Edited by Mort Weisinger.

Showcase #89

Showcase #89 (On Sale: January 27, 1970) has a nice Jason's Quest cover by Mike Sekowsky and Dick Giordano.

Jason's Quest continues this issue with "The Deadly Chase" written and penciled by Mike Sekowsky and inked by, well, I'm not sure. The GCD says this is Jack Abel, but I don't really see it. Abel has a certain smoothness to his inking, particularly around the eyes, noses and hands of characters, that I just don't see in this inking. He is also credited with inking the next issue, and I sort of see some Abel-like inking in that book. If anyone can point me to particular panels that display Abel's technique I would feel much better about this attribution.

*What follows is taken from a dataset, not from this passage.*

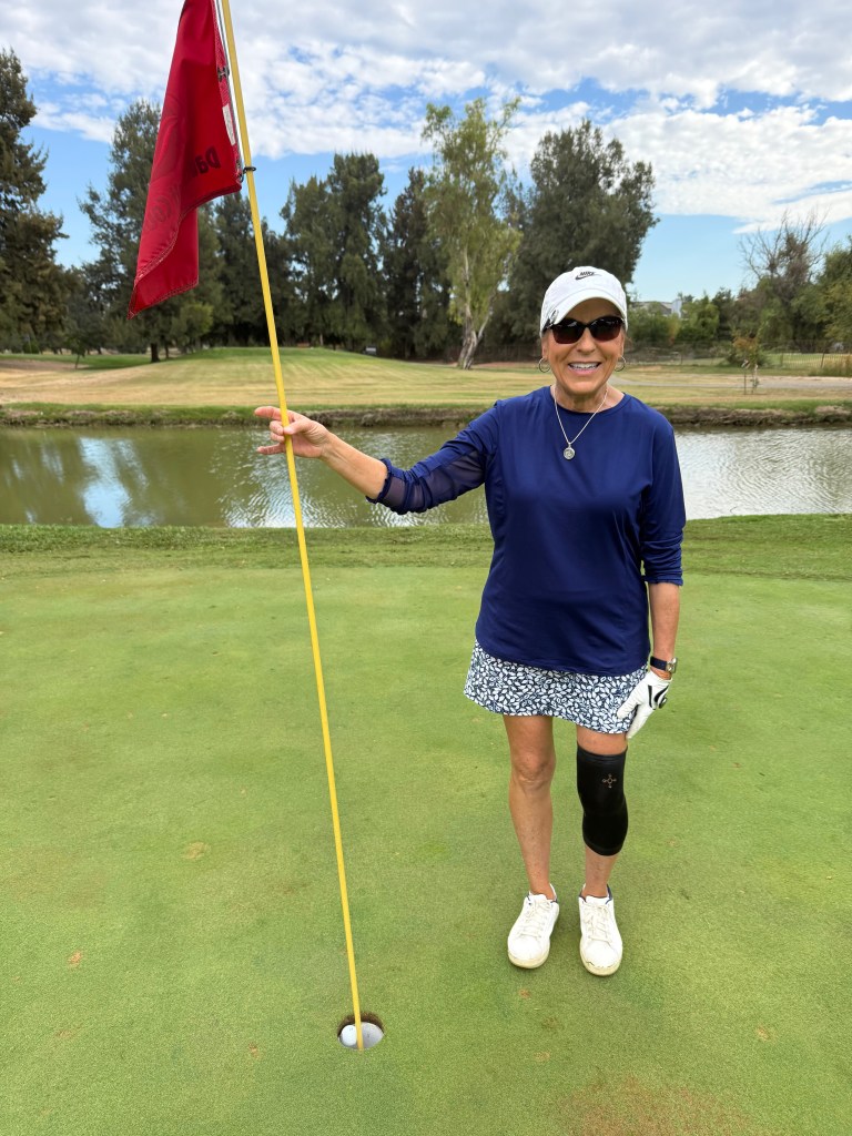 Lynette tees up on #7, launches her ball, hits the water, skipped up onto the green, and lands in the hole? We’re not sure, they could still see the ball. Upon further investigation the ball was trapped between the edge of the hole and the pin! NOW the cheering can begin!!Congratulations Lynette!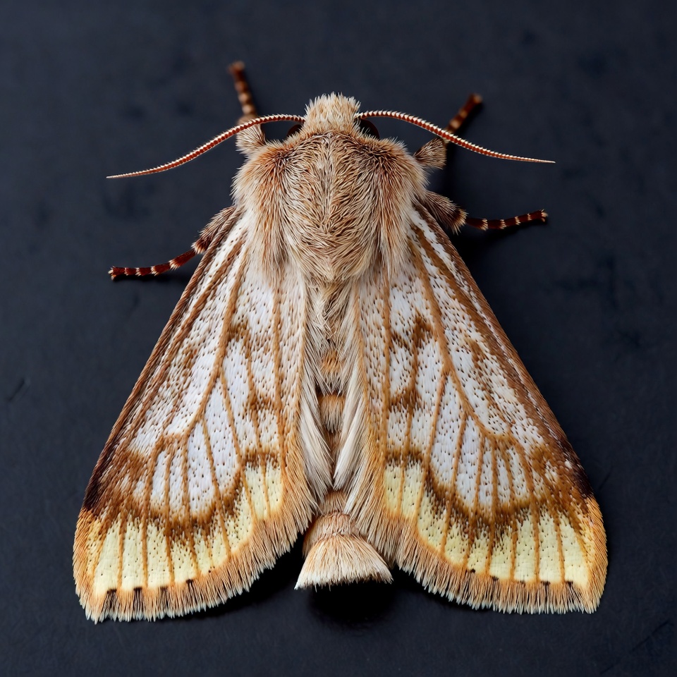 antennae, arthropod, black background, brown moth, detailed wings, furry body, insect, lepidoptera, macro photography, nature, white moth, wildlife, wings spread, yellow wings, moth

As we left Jason last issue, he had just saved his sister's life, not knowing it was her and is now ahead of her on the road to Paris thinking she must be just ahead of him. Meanwhile, Tuborg sends two more assassins after Jason and his sister. Jason on the other hand sees a blond woman on the side of the road with a flat tire and thinks it is his sister, but when he hears her deep southern accent he knows he is mistaken.

She is "Billie Jo Brock of the Lo'siana Brocks" and is immediately smitten with Jason, but her advances are interrupted by gunshots from the two assassins, who also mistake Billie Jo for Jason's sister. They blow the "petrol tank" of Billie Jo's car and she and Jason high-tail it on his bike, the killers in hot pursuit and Billie Jo firing back at them with her own gun. As they are being chased, Jason sees the car of the woman he saved last issue and seeing her without her wig realizes that she is his sister. He lures the gunmen away from her and loses them in some woods.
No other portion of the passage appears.